Sunstroke THE generous management of the Sun Sun Fund has got some great news brewing for its investors.


An application has been submitted to the Securities and Futures Commission to extend the waiver period of some of the fees, according to one of the managers.


It hasn't been Hong Kong's most amazing investment, sinking almost non-stop since autumn 1991.


It's chief manager is legendary financial guru Chan Sun-sun, who first decided to waive some fees last March ''to achieve a faster appreciation of the fund for the benefit of the shareholders''.


Since then, punters have seen their investment fall 31 per cent.


Someone who invested the minimum US$15,000 when it started operating in May 1991 would now be left with just $4,020.


Outboxed IT'S got a million square feet of floor space, a computerised sun scoop, 62 escalators and the largest computer-controlled safe in the world.


However, when James Jacques, who works in Wyndham Street, tried to drop a letter in at the Hongkong Bank building about a week ago he found its architect Sir Norman Foster had omitted to install a letter-box.


In the shade PIONEER Industries International (Holdings) has presumably stayed well away from the Sun Sun Fund.


In case you missed it, this company last week announced profits for the six months to September 30 of just $64 million, adding in the small print that its share portfolio now showed an appreciation of $2 billion over book cost.
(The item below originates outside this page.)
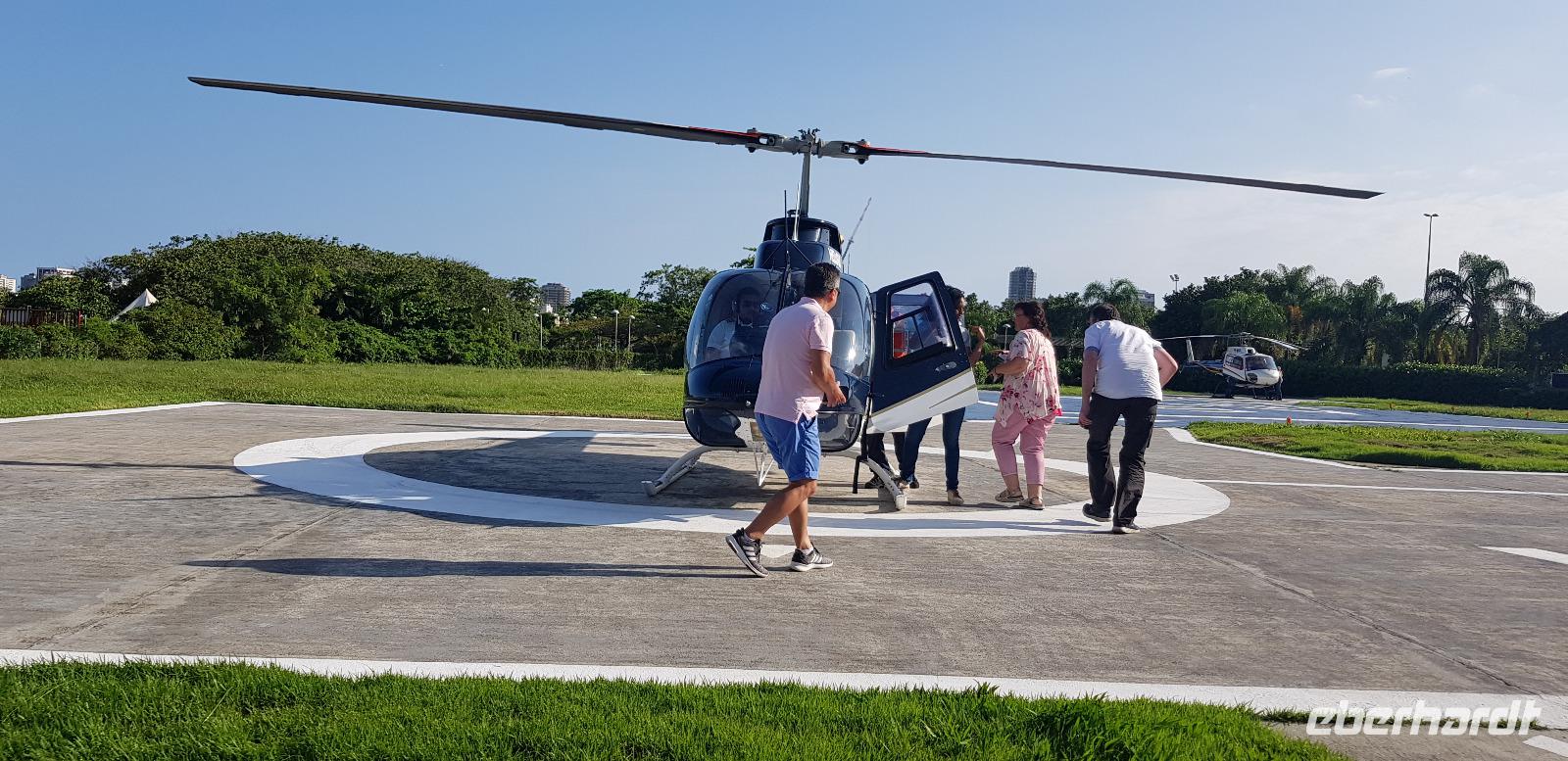 Auch heute ist es wieder sehr reichhaltig und ein absoluter Genuss. Herr Eberhardt spendiert noch einen Caipirinha, bevor wir gut gesättigt zum Hotel zurück fahren. Einige von uns haben sich noch für einen fakultativen Helikopter Flug entschieden - der Höhepunkt und Abschluss einer unglaublichen Reise. Johannes und ich begleiten die 7 Gäste zum Heliport an der Lagune und erklären die verschiedenen Flugrouten. Die meisten wählen einen halbstündigen Rundflug und sind absolut begeistert. Danach geht es zum Hotel zurück, wo wir noch etwas Freizeit haben. Gegen 18Uhr treffen wir uns wieder in der Lobby und fahren mit Reiseleiter Johannes zum Flughafen. Dort angekommen, checken wir in Ruhe ein und verabschieden uns von ihm. Es war wieder eine tolle Zeit und ein super Programm in Rio. Auch Johannes war wieder einmal eine der besten Reiseleiter der gesamten Reise.

Yes, $2 billion.


That's pretty impressive for a company which itself is worth only about $1.5 billion.


It owns a 3.77 per cent slab of Bangkok Bank, which was one of the world's hottest stocks last year, as well as a 20 per cent chunk of Wah Kwong Shipping, plus an industrial building in Kwun Tong.


Wondering why no one ever buys it? Look at the annual report for an answer.
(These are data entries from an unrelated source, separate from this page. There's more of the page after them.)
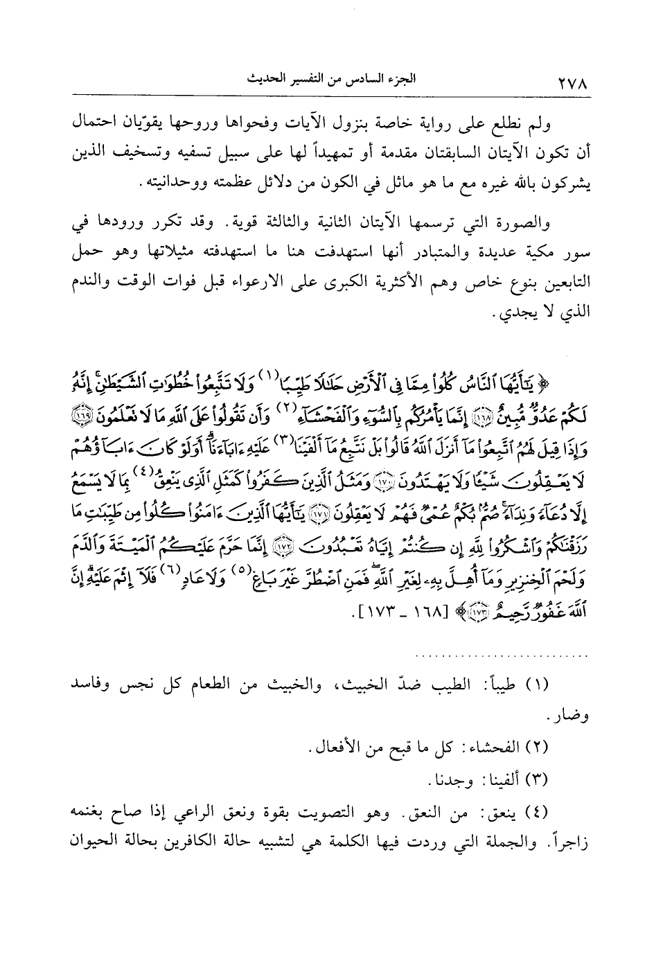 يا أَيُّهَا النَّاسُ كُلُوا مِمَّا فِي الْأَرْضِ حَلالاً طَيِّباً وَلا تَتَّبِعُوا خُطُواتِ الشَّيْطانِ إِنَّهُ لَكُمْ عَدُوٌّ مُبِينٌ (168) إِنَّما يَأْمُرُكُمْ بِالسُّوءِ وَالْفَحْشاءِ وَأَنْ تَقُولُوا عَلَى اللَّهِ ما لا تَعْلَمُونَ (169) وَإِذا قِيلَ لَهُمُ اتَّبِعُوا ما أَنْزَلَ اللَّهُ قالُوا بَلْ نَتَّبِعُ ما أَلْفَيْنا عَلَيْهِ آباءَنا أَوَلَوْ كانَ آباؤُهُمْ لا يَعْقِلُونَ شَيْئاً وَلا يَهْتَدُونَ (170) وَمَثَلُ الَّذِينَ كَفَرُوا كَمَثَلِ الَّذِي يَنْعِقُ بِما لا يَسْمَعُ إِلاَّ دُعاءً وَنِداءً صُمٌّ بُكْمٌ عُمْيٌ فَهُمْ لا يَعْقِلُونَ (171) يا أَيُّهَا الَّذِينَ آمَنُوا كُلُوا مِنْ طَيِّباتِ ما رَزَقْناكُمْ وَاشْكُرُوا لِلَّهِ إِنْ كُنْتُمْ إِيَّاهُ تَعْبُدُونَ (172)
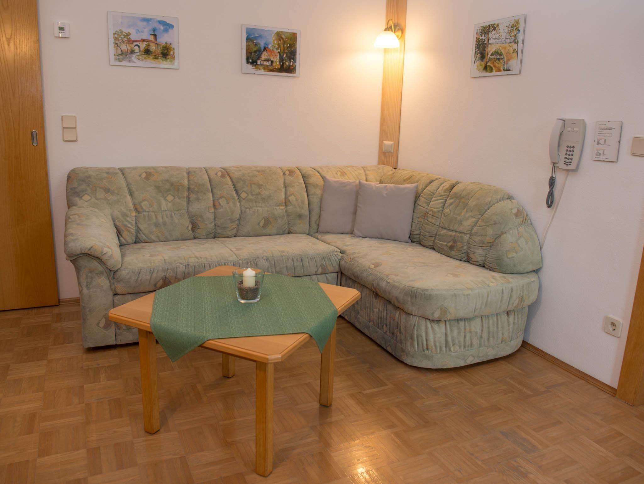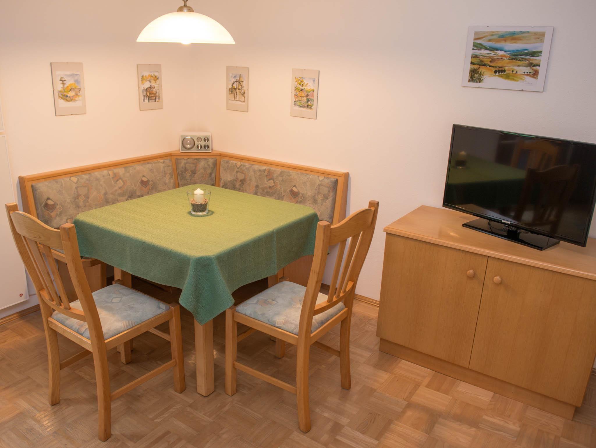 Ferienwohnung mit 55 m² für 2-4 Personen Lage: 2. Stock, Südseite mit Blick zum Garten Wohnzimmer mit Essecke Schlafzimmer mit Doppelbett Kinderzimmer mit 2 Betten kleine Küche mit Spülmaschine Vorraum Badezimmer mit Dusche WC Balkon
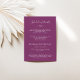 This minimal leaf berry weekend schedule of events enclosure card is perfect for a boho wedding. The design features a simple greenery leaf silhouette in a romantic summer violet color with minimalist bohemian garden style.

Apart from the financial stuff they're not allowed to miss out, it has so little information it's barely possible to work out what the company does.


Head firsts WITTY. Intelligent. Sarcastic. Imaginative.
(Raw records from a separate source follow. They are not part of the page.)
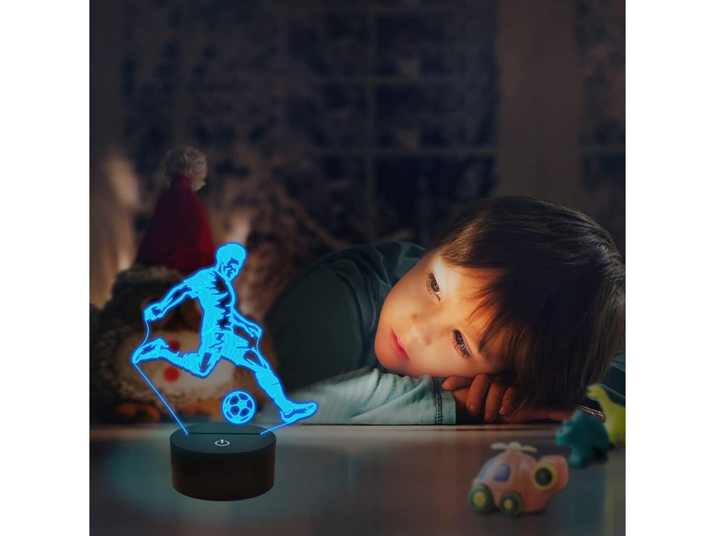 Cauți un plus elegant pentru camera micului tău fan al fotbalului? Această lumină de noapte 3D cu un jucător de fotbal este o modalitate sigură de a face senzație. Mai ales dacă își poate alege culoarea și modul preferat.
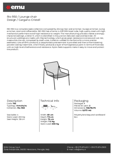 EMU je italská značka, která v rámci původu "Made in Italy" přináší především do exteriérů lehký závan Itálie. Značka se stala průkopníkem v oblasti designu v práci s kovy, se kterými pracuje s myšlenkou cílené udržitelnosti. Značka EMU má ve svém portfoliu nespočet produktů, které jsou se svou elegancí komfortně řešené pro venkovní i vnitřní prostory. Společným prvkem, který se prolíná napříč kolekcemi, je lehkost geometrických linií skloubených v kovovou konstrukci, která dokáže zaručit neoddiskutovatelnou kvalitu, odolnost a lehkou údržbu.
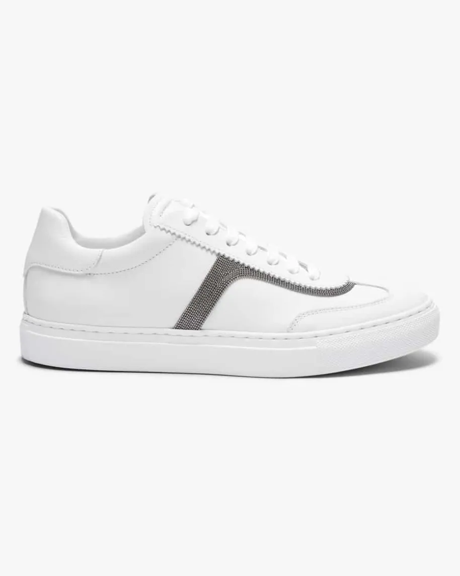 Sneaker für Damen von Brunello Cucinelli in Weiß. Gefertigt aus hochwertigemGlattleder besticht das Modell als modischer Favorit, während die Kombinationaus sportivem Design und changierenden Schmuckketten ein harmonisches Gesamtbildkreieren.
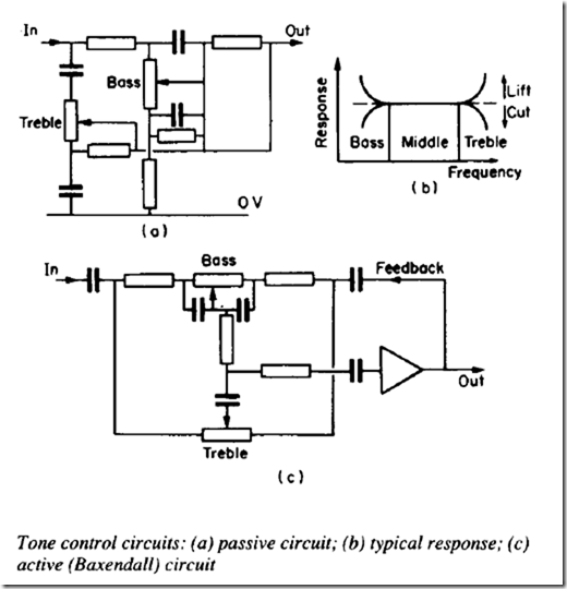 The input stage is usually followed by tone controls. These are typically some form of bass/treble lift/cut circuit. A typical passive circuit is shown over in (a), along with an active circuit using negative feedback in (c). These have the basic response of (b).
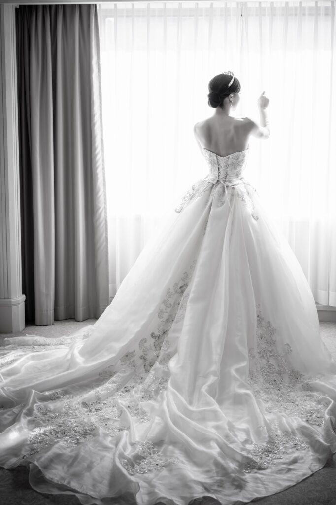 「プリンセスラインで“結婚式らしい”と感じる、王道のドレスを探していました。さらに、ウエストが高い位置でキュッと美しく絞られていて、歩くたびに余韻を残すような長いトレーンがあることも譲れないポイントでした。いろいろ調べた末、ATELIER E&M(アトリエエム)の『raffiller(ラフィリエ)』シリーズに出会いました」(さくらさん)

No, not Lai See, but Lai See's readers.


The 60 entries to the ''Most Unlikely Headline of 1994'' competition have shown that even if Hong Kong's role as a business centre declines after 1997, we'll all be able to make a living as humorists.


A dishonourable mention goes to the three entries who regarded the most unlikely headline of 1994 as being ''Lai See wins Pulitzer Prize'' or something similar.


The folks who sent these in seem to have forgotten that this is a Hong Kong-style competition - completely autocratic with only a thin veneer of public consultation.


Their entries have been put in the same place that the Government puts complaints from ordinary citizens.


Honourable mentions go to Yvette Law, Mr Vora, Diana Cheung, Nigel Reid, Jannie Kwong, Kidai Kwon, John Sanders, Sadak Palayam, Simon Thompson, Cornell A.C. Tsiang, Tony Yuen, Simon Barb and Helen Michelle Lam.


Emily Lau enters Trappist monastery was one from Simon Roberts, while Allen Chang offered three good ones including: Localisation policy: Patten and Anson Chan swap jobs.


George Adams came ultra-close with New tax on plastic bags shock, while Griff Griffith came up with about 5,000 entries including Hutchison needs Simon Murray back, says Richard Li. Pretty unlikely.


A particularly honourable mention goes to Daniel Chun, who entered via electronic mail.


He not only provided seven good headlines but also a spoof on the ridiculous disclaimers put on fax cover sheets.


Daniel's address, by the way, is ''c=us/a=infonet/ p=notice/o=infonet/s= chun d'' in case you ever happen to be in the area and fancy dropping in on him.


Now the winners, in no particular order: Philip Rosenberg wins Free Speech for Me - but not for Thee, a great book donated by the Post's lawyers, for Nigeria honours chain letters - 6,721 Hong Kong residents become instant zillionaires.


From among many entries on the same theme, Jacqueline Tiong wins Hongkong Telecom's Monopoly game with the simple but utterly unlikely China in agreement with Chris Patten.


And the final prize of Mao memorabilia - watch, condoms etc - plus getting their name printed in capital letters, goes to the sender of the following entry: Hong Kong Club to install karaoke rooms.


The winning author is BOB ROSSI, whose name is at this very moment being added to the list of cads and bounders kept by the Hong Kong Club's secretary.